The LLM sees ONLY the sanitized data and makes suggestions using the masked values.

In [None]:
# Simulated LLM response (in real usage, you'd call an API)
LLM_RESPONSE = """
Based on the sanitized turbine blade data, here are my optimization suggestions:

**Analysis:**
- blade_001 has moderate stress (VAL_xxx1) and good efficiency (VAL_xxx2)
- blade_002 shows high stress (VAL_xxx3) which is concerning
- blade_003 has the best efficiency but moderate thermal readings

**Recommendations:**
1. For blade_002: Reduce stress_metric below VAL_xxx1 by 15%
2. Consider material change for blade_002 to match blade_003 alloy_type
3. Target operational_duration > 20000 hours - blade_002 needs improvement

**Specific changes suggested:**
- stress_mpa: VAL_xxx3 → 750.0 (reduce from current high)
- thermal_reading: VAL_xxx4 → 600.0 (lower for longevity)
- performance_factor: VAL_xxx5 → 0.91 (optimize)
"""

# In JSON format (as you'd get from an LLM API)
LLM_SUGGESTIONS = {
    "blade_002": {
        "stress_metric": "VAL_xxx1",  # LLM uses masked value reference
        "thermal_reading": "VAL_xxx4",
        "performance_factor": "VAL_xxx5",
        "alloy_type": "Ti6Al4V"  # This wasn't masked, LLM can see it
    },
    "recommendations": [
        "reduce stress by 15%",
        "increase operational_duration above 20000"
    ]
}

print("=== LLM RESPONSE (USING MASKED VALUES) ===")
print(LLM_RESPONSE)
print("\n=== LLM SUGGESTIONS (JSON) ===")
print(json.dumps(LLM_SUGGESTIONS, indent=2))

## 5. Rehydration

Now we map the LLM's suggestions back to original values using the vault.

In [None]:
# Load the vault
vault = Vault('turbine_vault.json')
vault.load()

# Rehydrate the suggestions
print("=== REHYDRATION ===\n")

# Find a masked value from our vault
sample_masked = list(vault.entries.keys())[0]
sample_original = vault.restore(sample_masked)

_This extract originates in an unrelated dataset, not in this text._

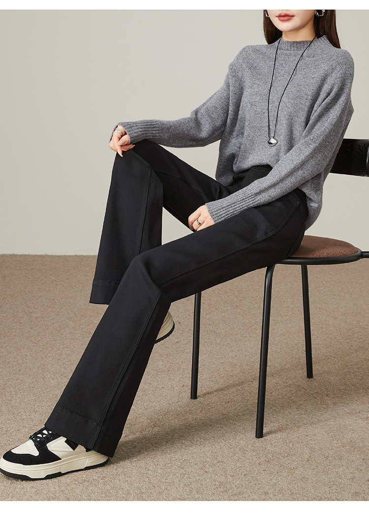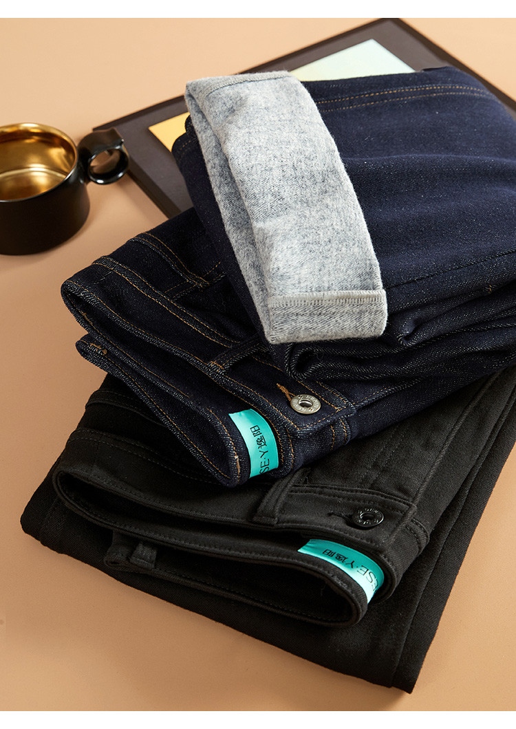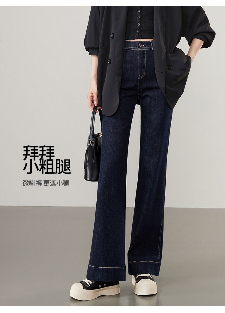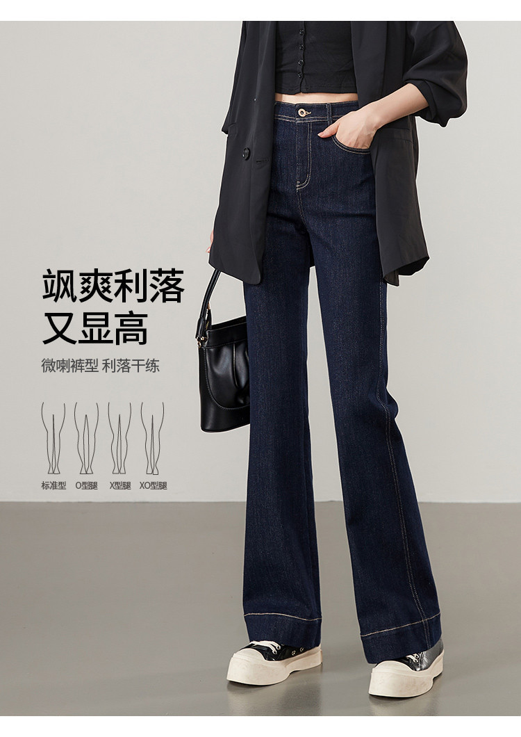 【不易褪色-拉绒-微喇牛仔】逸阳冬新品弹力加绒保暖喇叭裤子5500RV

print(f"Example mapping:")
print(f"  LLM sees: {sample_masked}")
print(f"  Actually means: {sample_original}")

# Rehydrate the JSON suggestions
rehydrated_suggestions = vault.rehydrate_dict(LLM_SUGGESTIONS)

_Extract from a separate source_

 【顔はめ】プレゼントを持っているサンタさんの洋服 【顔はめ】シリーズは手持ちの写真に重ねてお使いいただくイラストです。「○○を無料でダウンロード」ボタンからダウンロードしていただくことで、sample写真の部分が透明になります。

print("\n=== REHYDRATED SUGGESTIONS (BACK TO ORIGINAL VALUES) ===")
print(json.dumps(rehydrated_suggestions, indent=2))

# Rehydrate text response (for demonstration)
rehydrated_text = vault.rehydrate_xml(LLM_RESPONSE)
print("\n=== SAMPLE OF REHYDRATED TEXT ===")
# Show just a portion
import re
matches = re.findall(r'VAL_[a-z0-9]+', rehydrated_text)
for m in list(set(matches))[:3]:
    original = vault.restore(m)
    print(f"  {m} → {original}")

## 6. Complete Workflow

Here's the full pipeline in practice:

In [None]:
# Full pipeline using apply_gatekeeper
policy = Policy(
    version="1.0",
    global_masking=True,
    rules=[
        Rule(tag_pattern="stress_mpa", action="mask_value"),
        Rule(tag_pattern="temperature_celsius", action="mask_value"),
        Rule(tag_pattern="efficiency", action="mask_value"),
        Rule(tag_pattern="lifespan_hours", action="mask_value"),
    ]
)

config = load_config('config/default.yaml')
sanitized_path, vault_path = apply_gatekeeper(Path('turbine_data.xml'), policy, config)

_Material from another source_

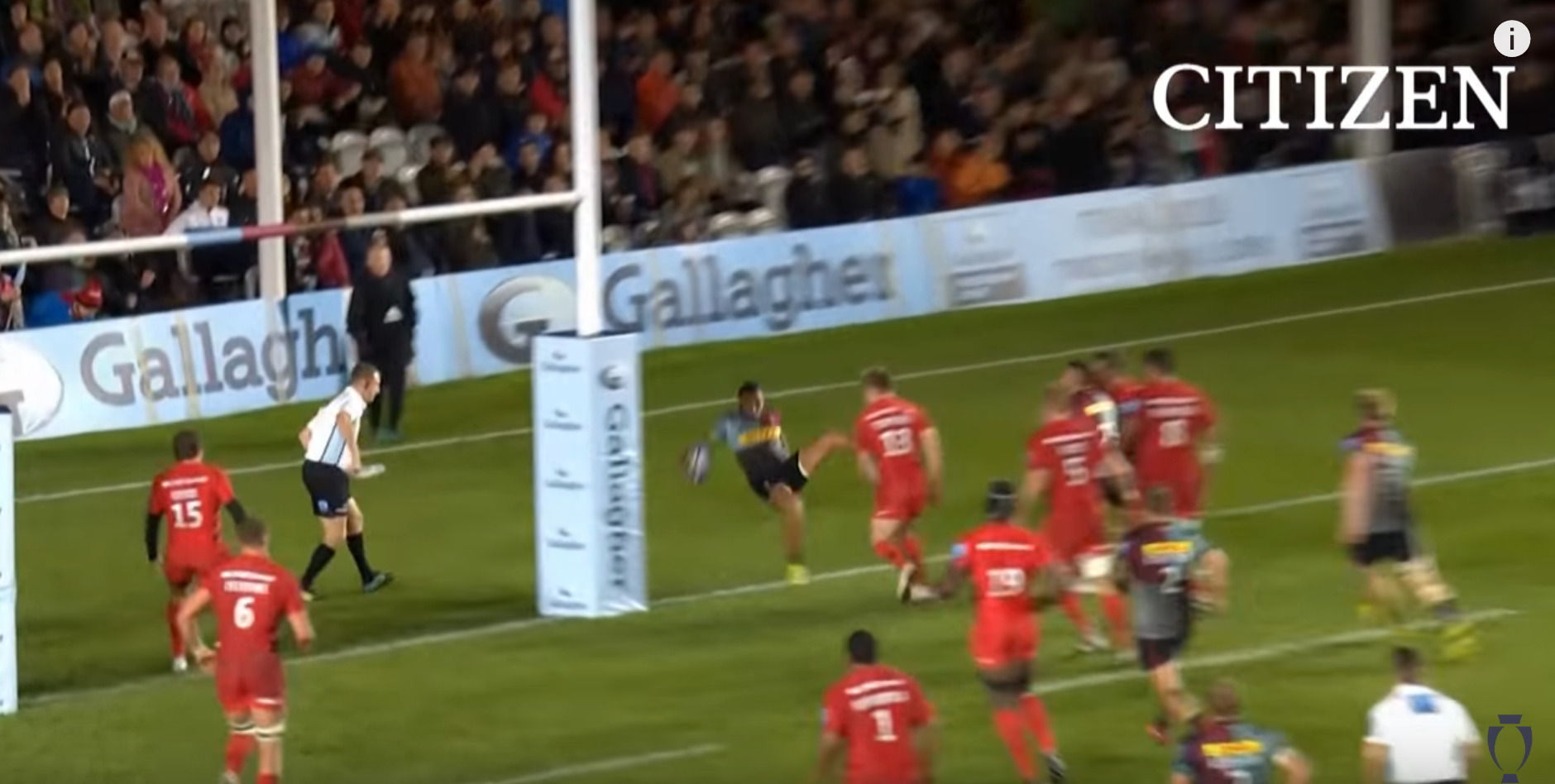 On a l’habitude quelques fois par saison de voir des essais marqués suite à une pénalité, lorsque le ballon frappe le poteau ! Mais ici, ce n’est même pas le cas, la pénalité ressemble en fait à une passe au pied !

print("=== COMPLETE PIPELINE ===\n")
print(f"Input: turbine_data.xml")
print(f"Sanitized output: {sanitized_path}")
print(f"Vault: {vault_path}")

print("\n--- SANITIZED CONTENT ---")
print(sanitized_path.read_text())

## Using with Real LLM APIs

To use with a real LLM, you would:

### Option 1: Claude Desktop (MCP)
```python
# Configure in Claude Desktop settings:
{
  "mcpServers": {
    "molt-shield": {
      "command": "python",
      "args": ["-m", "src.server"]
    }
  }
}
```

### Option 2: OpenAI API
```python
import openai

response = openai.ChatCompletion.create(
    model="gpt-4",
    messages=[
        {"role": "user", "content": f"Analyze this sanitized data: {sanitized_xml}"}
    ]
)
# Then rehydrate the response using vault
```

### Option 3: Gemini API
```python
import google.generativeai as genai

model = genai.GenerativeModel('gemini-pro')
response = model.generate_content(f"Analyze: {sanitized_xml}")
# Then rehydrate
```

## Summary

The Molt-Shield workflow:

```
1. YOUR DATA → 2. SANITIZE → 3. LLM → 4. REHYDRATE → 5. ORIGINAL
   (private)      (safe to share)   (analyzes)    (maps back)
```

This ensures your proprietary data never leaves your control in an identifiable form.